I enjoy the color and the type. I have been collecting for only a short time. But I do have some Gold colored Maglites.


----------



## BuzzLight (Sep 27, 2013)

This thing is an addiction... 

I started out first with an incandescent Mag-Lite in the 90's in which my Dad gave me a mini one. And when LED's started to become increasingly popular I bought 300 Peso flashlights which is around $6 USD/each. It produced about 30 lumens at most. Then only around five years ago I got my first quality flashlight which was a Fenix PD20. After that I was so amazed how much output it can produce. Now, I'm constantly looking for the brightest LED flashlights in the market. My family are into it too and we have collected almost every Fenix product already. That is our new bonding!


----------



## ven (Oct 18, 2013)

Mine started around 1992 when i used to work on HGVs(heavy goods vehicles) as an apprentice,snap on tools required a D maglite to keep them company.At the time (some may argue still) maglite was the best.From then i have had a few cheap ones,biggest let down for me was the aaa maglite for my car keys.As good as useless,then went led.Coming in handy for work and camping my collection has grown a little over last few years.I like to have several at my bed side,in my car,in work and also in caravan.I like a back up for a back up I sort of get an obsession.......the boss will agree........from modifications on my 4x4 to tools.......i just cant stop.

I do find it handy to show her the £5 bargains off BG and DX as she does not know a nitecore from a smiling shark this combined with my delivery address at work being used helps me build my collection my 3yr old flashaholic helps too as when i order him one i have to get me one too

However trying to convince her my next purchase(maybe a tk75 or tm15) cost £5 might prove a challenge:tsk: ..............but hey we all like a challenge


----------



## Exostencil (Oct 19, 2013)

I have only just started and don't know if I could be called a collector yet. I bought a Fenix LD20 after seeing some EDC videos.

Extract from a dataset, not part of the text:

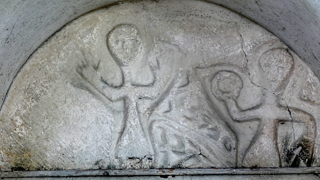 All Saints Wordwell: normannisches Tympanon mit einer Darstellung von Adam und Eva am Baum des Lebens ...

When I got it I was so surprised with the build quality and run time of CREE globes I went a bit mad and snapped up a couple of cheap CREE torches from eBay and a SL Stylus Pro. 

I think I do it because I like having things useful things. 

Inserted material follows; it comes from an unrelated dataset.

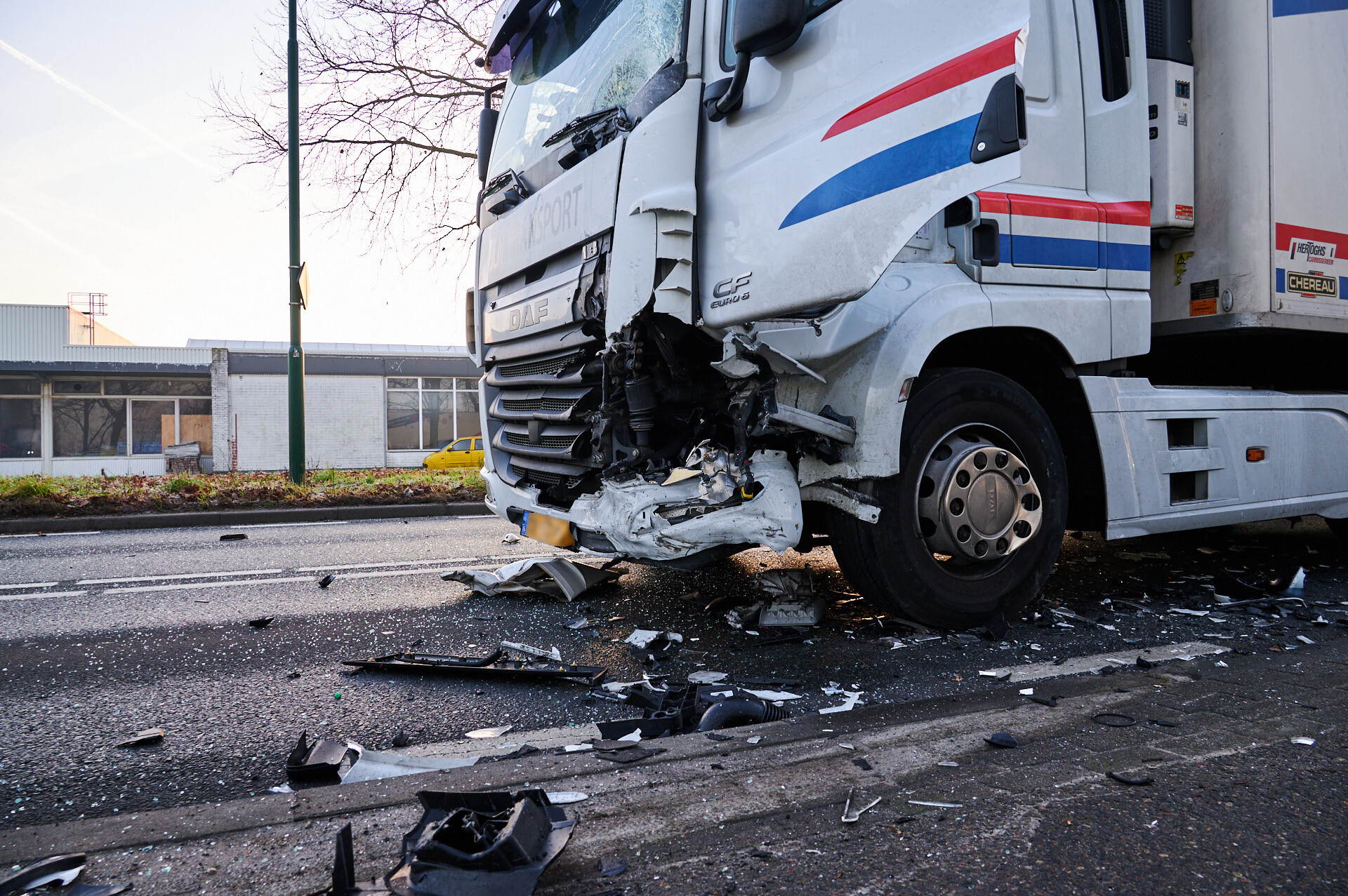Bestelbus en vrachtwagen botsen: zeker één persoon gewond

Plus, there's something so primal about making light where there was only dark before.


----------



## awyeah (Oct 27, 2013)

I collect good lights for a few reasons. I'm tired of cheap lights that are unreliable. I buy them to have for everyday tasks, and for emergencies. When the power's out, I no longer have to wonder if I'm going to have a working flashlight.

I'm tired of lights that aren't bright, have a tiny little hotspot. They're mostly useless in day-to-day tasks. We still have this big yellow Dorcy beast laying around, I think it runs on 4 D-cells. It's enormous, heavy, and not bright... I can barely see anything with it. Plus if I dropped it, it'd probably break. If the batteries leak in it... I won't miss it 

I also prefer lights that have long run times. That's not as easy to find on the cheaper/lower-end side of things. It gives me peace of mind knowing that I can have days of usable light from each of my lights, while still maintaining a usable level of brightness, throw, and spill.

Size is also important. I carry a 1xCR123A light in my pocket, on turbo I think it puts out >300 lumens. A giant 6xD-cell light from your local superstore won't even put out that kind of light. I also really like the 2xCR123A/1x18650 size. We're at about 1,000 OTF lumens at that size right now!

Then there's the ability to get what you want, feature-wise. You can pick what size you want, what type of batteries you want it to take, modes, etc. There are so many combinations of features...


----------



## Gary Wilson (Oct 29, 2013)

LMAO!! This thread feels like an AA (or an FA!) meeting or something. I myself always loved torches as a boy for exploring around in the dark..... Alas the batteries always ran down FAR to quick. And back then they were pricey to keep buying. I took until LED bulbs took off and the wind up "cheap" torches began to appear. I got one to look at the electric meter and was surprised how bright it was for a few cranks on a handle.

I then purchased a larger Yellowstone wind up torch/lantern and although this is quite poor in regards to output. For general house/power failure it's ok. I then found a small 3xAAA "9 LED" job that i carry around...... In daylight!! LMAO!! and a useful 2xAA "Kubaton" one that would be useful as a last resort self defense tool.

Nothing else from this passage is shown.